Зигмунд Фрейд отвергал случайность в человеческом поведении: оговорки, обмолвки, неловкие жесты, – спотыкания, он считал, что все детерминировано и перечисленное выше – проговоры подсознания. «Ты зачем ушиб локоть?» – спрашивал он ревущего от боли малыша, и выяснялось, что тот в чем-то проштрафился и сам себя наказал, ничуть, разумеется, об этом не догадываясь. «Зачем ты поскользнулась?» – допытывался он у дочери, и выяснялось, что девочка тайком полакомилась вишневым вареньем. Если б можно было спросить Сашу: «Зачем ты коснулся обнаженного проводка проигрывателя?» – ответ был бы один: так легко развязывались все узлы. Сознание человека – островершек айсберга, который скрыт в темной глубине. О подводную массу айсберга разбился «Титаник». Все главное и роковое в нас творится в подсознании. Я уверен, оттуда последовал неслышный приказ красивой длиннопалой Сашиной руке: схватись за смерть. И никто не убедит меня в противном.

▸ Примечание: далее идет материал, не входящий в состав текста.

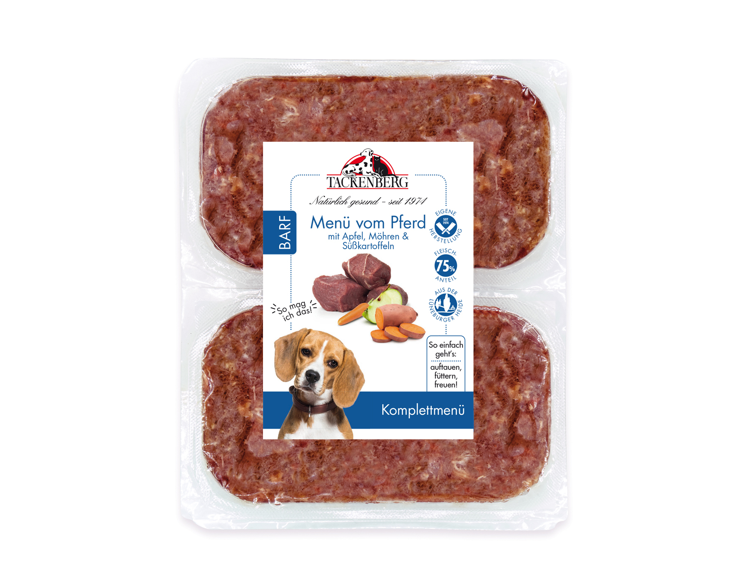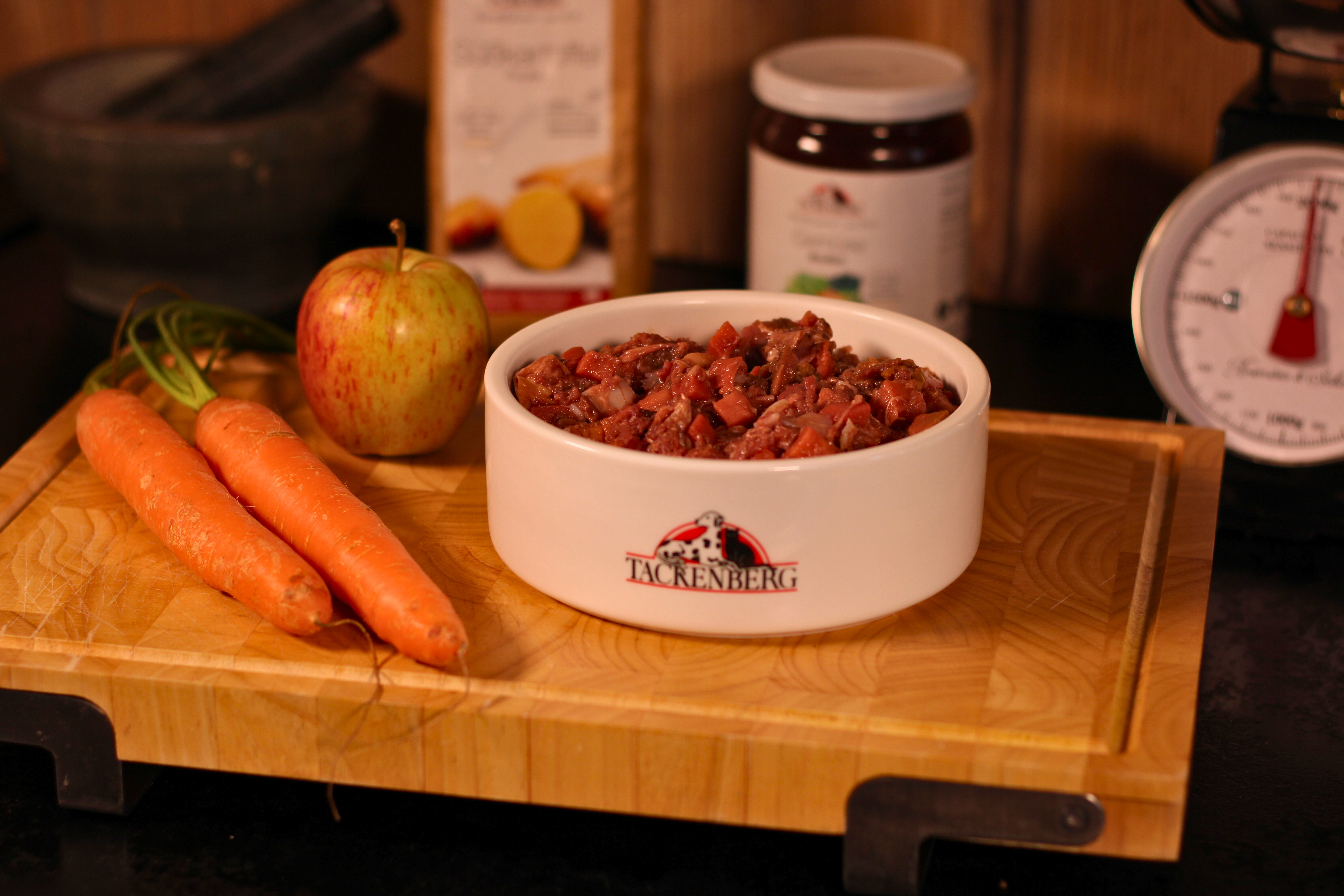 Das Festmahl ist angerichtet: Das servierfertige BARF Menü vom Pferd mit Apfel, Möhre & Süßkartoffel kombiniert schmackhaftes Pferdefleisch mit vitaminreichem Obst und Gemüse. Ein vollwertiges Mahl, das auch für empfindliche Hundemägen geeignet ist.

Когда я был в Париже в 1978 году, вскоре после Сашиной гибели, то поехал в Сент-Женевьев-де-Буа проведать его могилу. Я долго мыкался по этому не слишком большому, но какому-то путаному кладбищу, где среди скромных крестов безвестных русских людей, умерших на чужбине, высятся пышные надгробья героев Белого движения, неизменно выходя к странному, вроде бы мальтийскому кресту на могиле Бунина, к бедным плитам Мережковского и Гиппиус. Никто не мог показать мне еще свежего Сашиного захоронения. Наконец какой-то дед, подновлявший дерн на запущенной могиле, согласился проводить меня за небольшую мзду. Он привел меня, взял деньги и повернул назад. Старое, облупившееся, оштукатуренное по камню надгробье сохранило полустершиеся буквы незнакомого женского имени. Я долго его помнил, а сейчас забыл.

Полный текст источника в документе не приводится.